Thank you for having opened up a new subject to research, "domestic insurrections." I did some more searching and came up with some 1775 documents that refer to domestic insurrections in response to Lord Dunmore's Proclamation:
From the following 1835 book: The Military and Naval Magazine of the United States, Volume 5, pages 323 to 326. The book cites a 1775 letter written after Lord Dumore's Proclamation. I excerpt the following from the letter:
But enough of this. Independent of these arguments, we may urge, that we have a right to take up arms in self-defense, since we have been threatened with an invasion of savages, and insurrection of slaves, and have had our negroes and stocks piratically taken from us. The laws of God and nature, and the principles of the Constitution [rb: i.e., the British Constitution], justify it; and at present, all the feelings of humanity every suggestion of policy and the cries of our insulted and imprisoned countrymen, loudly call TO ARMS.
The book continued with
The proclamation [rb: Dunmore's] was also noticed and answered by the Convention.
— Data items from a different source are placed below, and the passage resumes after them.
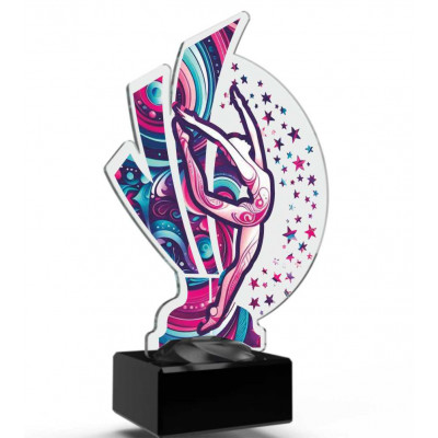 Trophäe aus digital bedrucktem Methacrylat mit einem Kostüm-Motiv.
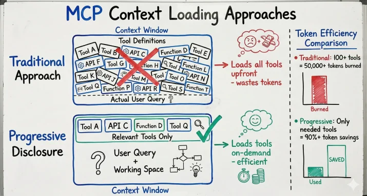 Figure 3: Context Loading Approaches - Traditional vs Progressive Disclosure
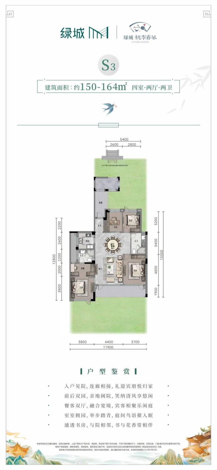 每家每户均享有阔尺庭院,一楼自带大庭院,在庭院里植一株杏花,便是归家的方向;二楼平层结构,以空中庭院,让天空及园景在院落里相逢;三加四楼复式结构,衔接诗意庭院,可品晨光熹微,可观夜幕星辰,梦田中的理想生活触手可及。

Their declaration, (published after the battle at the Great Bridge,) is in the following words:
Virginia, December 13, 1775 Whereas Lord Dunmore, by his proclamation, dated on Board the ship William, the 7th of November, 1775, hath presumed, in direct violation of the Constitution [rb: the British Constitution] and laws of the country, to declare martial law in force, and to be executed throughout this Colony, whereby our lives, our liberty, and property, are arbitrarily subjected to his power and direction : And whereas the said Lord Dunmore, assuming powers which the King himself cannot exercise, to intimidate the good people of this Colony into compliance with his arbitrary will, hath declared those who do not immediately repair to his standard, to be in actual rebellion, and submit in all things to a government not warranted to the Constitution, [rb: the British Constitution again] to be in actual rebellion, and thereby to have incurred the penalties inflicted by the laws for such offenses; and hath offered freedom to the servants and slaves of those he is pleased to term REBELS, arming them against their masters, and destroying the peace and happiness of his Majestys good and faithful subjects, whose property is rendered insecure, and whose lives are exposed to the dangers of a general insurrection:
By the Representatives of the people of the Colony and Dominion of Virginia, assembled in General Convention:
A DECLARATION.
EDMUND PENDLETON, President
+1.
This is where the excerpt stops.